22歳で出会った金言。「セリフは結果でしかないから、言い方にこだわるな」
──2021年はデビュー15周年の節目の年で、12月17日で34歳になりました。20代のころと30代になった今とでは、演技への取り組み方に変化はありましたか?
めちゃくちゃ変わったような気がします。デビューしたてのころは、とにかくセリフがある役がほしいと必死でした。それでいてけっこうギラギラしていて、「僕はこう演技するんだ」という頑固なところがあったと思います。
でも30代になって、いろいろな現場を経験して、今は作品によって柔軟に対応できるようになったと思います。「この場面はこうだから、こう演じよう」とか、「この役はこうだから、こういう演技をして補おう」とか、すごく視野が広くなりました。監督や演出家の方に言われるのではなく、自分で判断できるようになったと思います。
──デビューしたてのころに、演技について影響を受けた人はいますか?
初めて主要キャストをやらせていただいた舞台が「ロイヤルホ☆ト」(2010年)という作品なんですが、その演出家の古河聰さんです。今も親交があって僕のお父さん的な存在なんですが、その方に演技の根本を教えてもらいました。

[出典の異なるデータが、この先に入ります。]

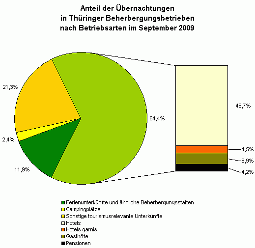 Die Thüringer Beherbergungsstätten (mit neun und mehr Betten) und die Campingplätze (ohne Dauercamping) konnten im September 2009 fast 337.000 Gäste begrüßen. Das waren nach Mitteilung des Thüringer Landesamtes für Statistik 5,1 Prozent mehr als im September 2008. Durchschnittlich verweilten die Besucher 2,6 Tage in Thüringen, so dass die Thüringer Tourismusbranche 885.000 Übernachtungen verzeichnen konnte. Damit wurde das Ergebnis des Vorjahresmonats um 3,1 Prozent überboten. In Deutschland stieg die Zahl der Übernachtungen nach vorläufigen Angaben des Statistischen Bundesamtes im Vergleich zum entsprechenden Vorjahresmonat um 1,0 Prozent auf 37,5 Millionen.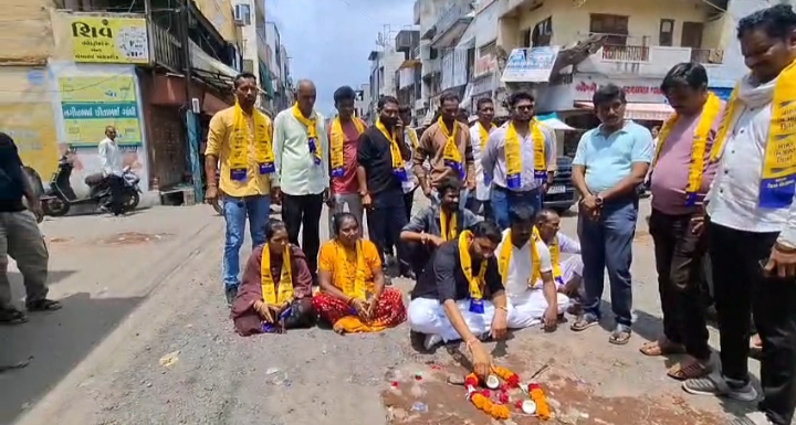 રાજપીપળાના સ્ટેશન રોડ વિસ્તારમાં આવેલ સબ જેલ નજીક રસ્તા પર પડેલા મોટા ખાડાઓને લઇ સ્થાનિક લોકોમાં ભારે અસંતોષ જોવા મળી રહ્યો છે. શહેરની અવર-જવર માટે મહત્વ આ માર્ગ પરથી દરરોજ મોટી સંખ્યામાં વાહનો, ખાસ કરીને બાઇક અને મોટા વાહનો પસાર થાય છે. તંત્ર દ્વારા વારંવાર રજૂઆત કરવા છતાં હજુ સુધી કોઈ યોગ્ય કાર્યવાહી કરવામાં આવી નથી. આને લઈને આજે “આમ આદમી પાર્ટી”ના જિલ્લાના પ્રમુખ નિરંજનભાઈ વસાવાએ એક અનોખું વિરોધ પ્રદર્શન કર્યું. ખાડાઓને ફૂલહાર કરી, તિલક કરીને વિધિસર પદ્ધતિથી “પૂજા” કરવામાં આવી. આ પ્રદર્શનનો હેતુ તંત્રને જાગૃત કરવાનો હતો કે રસ્તાની દયનીય હાલત હવે સહનશક્તિ બહાર ગઈ છે.રાજપીપળા નગરપાલિકા તંત્ર જાણતે જાણતી આંખ મૂકી રહી છે. સામાન્ય લોકોનું જીવ જોખમમાં છે.સ્થાનિક રહીશો અને દુકાનદારો પણ આ સ્થિતિથી ત્રસ્ત છે અને તંત્રને જવાબદેહ બનાવવાની માંગ કરી રહ્યા છે.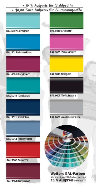 Bei Bestellung von Sonderdekoren und Sonderfarben erhalten Sie eine gesonderte Auftragsbestätigung mit Ihren individuellen Preisen.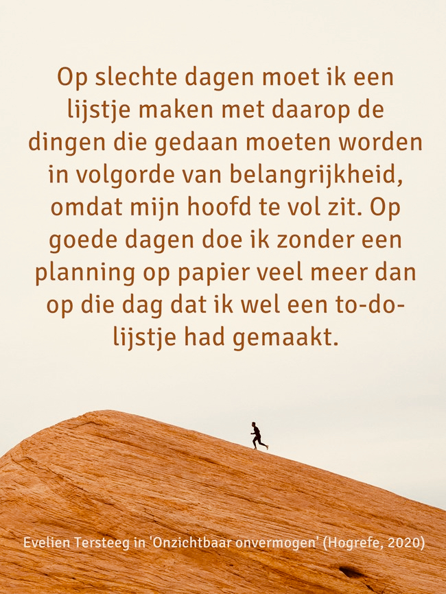 “Op slechte dagen moet ik een lijstje maken met daarop de dingen die gedaan moeten worden in volgorde van belangrijkheid, omdat mijn hoofd te vol zit. Op goede dagen doe ik zonder een planning op papier veel meer dan op die dag dat ik wel een to-do-lijstje had gemaakt.” – Evelien Tersteeg in ‘Onzichtbaar onvermogen: een kijkje in het leven van een autistische vrouw’ (Hogrefe, 2020). Gemaakt met behulp van Quozio. Layout door Tistje. Delen van de afbeelding mag, met vermelding van de blog Tistje.com.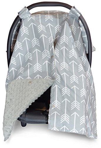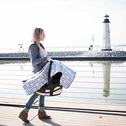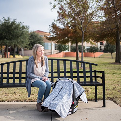 Premium Carseat Canopy Cover and Nursing Cover- Large Arrow Pattern w/ Grey Minky | Best Infant Car Seat Canopy, Boy or Girl | Cool/ Warm Weather...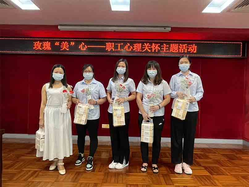 为持续做好员工关怀工作,进一步提升员工心理健康素质,6月21日集团工会联合中山市工会社工综合服务中心举办了“我的情绪我做主”之“玫瑰‘美’心”主题女职工心理关怀活动。此次活动共分为两个环节,分别是“以花喻人”暖场环节和“赠人玫瑰,手留余香”环节。活动过程中,以园艺、手工、艺术、文化为媒介,以分享快乐和传递幸福为主旋律,通过融入积极的“乐心”体验环节,引导职工学习心理健康知识,帮助职工成为高效能生活与工作的主人。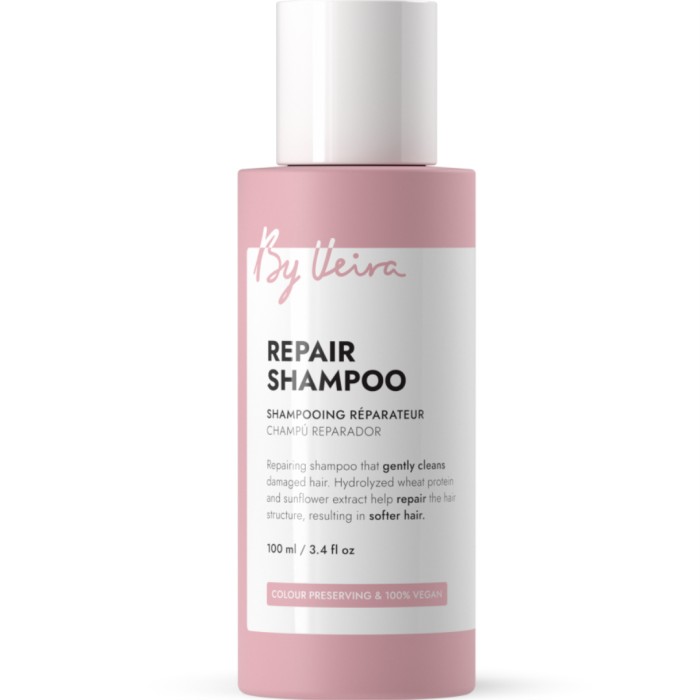By Veira Repair Shampoo är ett reparerande hårschampo som skonsamt rengör och återställer skadat hår. Repair-schampot passar för kemiskt behandlat och slitet hår. Det är berikat med hydrolyserat veteprotein och solrosextrakt för att ge fukt och återuppbygga hårets struktur. Innehåller färgbevarande ingredienser och är veganskt. Formuleringen innehåller inga sulfater eller silikoner.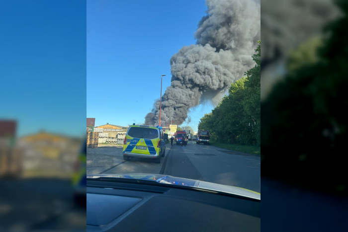 Feuerwehr bekämpft Brand mit sichtbarer Rauchentwicklung im Industriegebiet-Ost. Stadtalarm ausgelöst, NINA-Warnung vor Rauchgasen in umliegenden Städten.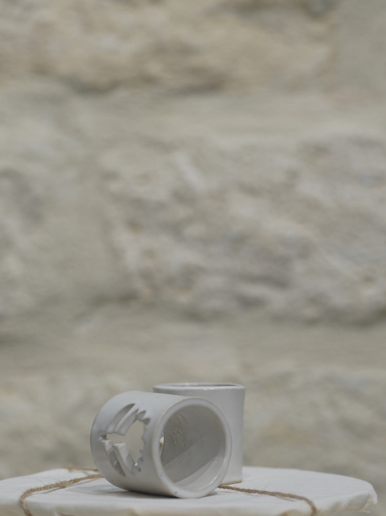 De cette collaboration naissent des bols, des tasses et des ronds de serviette d’un émail blanc brillant sur grès blanc et ornés du motif emblématique de l’oiseau en vol.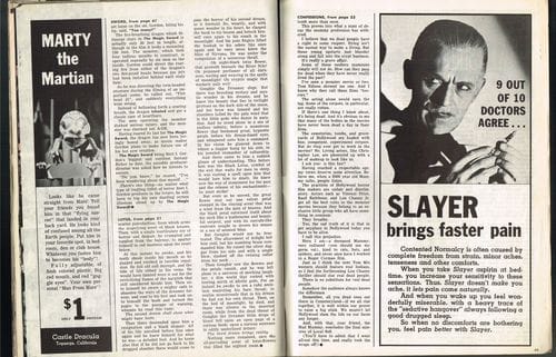 Here’s a treat courtesy of Professor Kinema (Jim Knüsch). We were discussing The Beast with a Million Eyes and he brought along Fantastic Monsters of the Films Issue 1, which has an article on the puppet creature (with only two eyes) Paul Blaisdell created for Roger Corman’s movie. Great use of color and with a lively layout, Fantastic Monsters magazine was a feast for the eyes of monsterkids everywhere. Here’s the comic reader version if you’re so inclined:  Download Fantastic Monsters of the Movies 1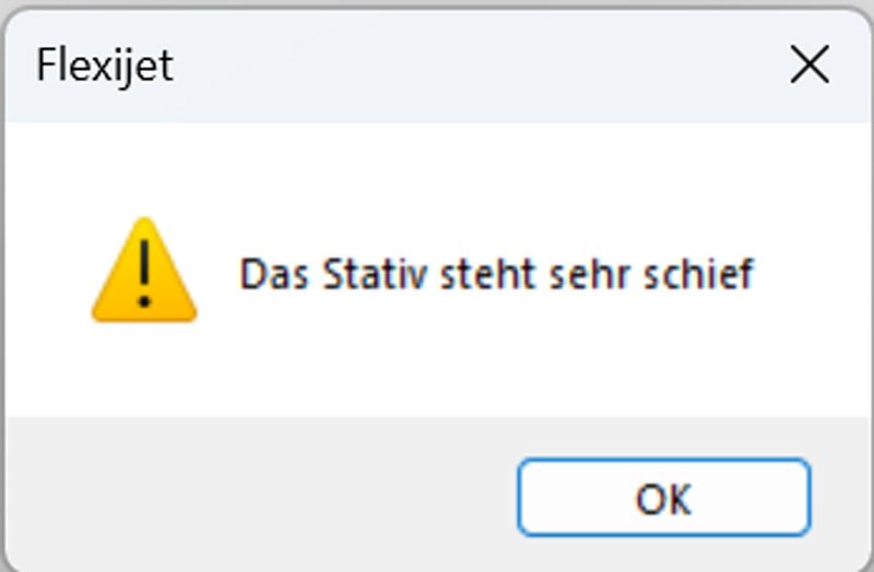 - Sollte das Stativ zu schief stehen erhältst du eine Warnmeldung.

特に印象に残っているのが「セリフは結果でしかないから、言い方にこだわるな」という言葉。言い方ではなく、「感情で演技する」ということを教わりました。当時22歳でまだまだ演技について分かっていなかったので、すごく心に響きました。
──その後25歳でミュージカル「テニスの王子様」(2012~13年)に出演し、俳優・染谷俊之の名は広く知れ渡っていきました。
そうですね、そこからみなさんに知っていただく機会が増えて、無事にアルバイトを辞められました(笑)。とはいえ、舞台とミュージカルはまた畑が別なんです。たぶん観に来る方のスタンスも違うと思います。作品にもよりますが、舞台はお客さんを一気にその世界観へと引き込むのに対して、ミュージカルは見世物というかショー。お客さんは演劇ではなく、“ミュージカル”というジャンルを観に来ているんだと思います。
だから求められる技術が違ってきます。感情を歌で表現するミュージカルは難しい。それを専門でやられている「劇団四季」とか「宝塚歌劇団」などの方々は本当にすごいなと尊敬しています。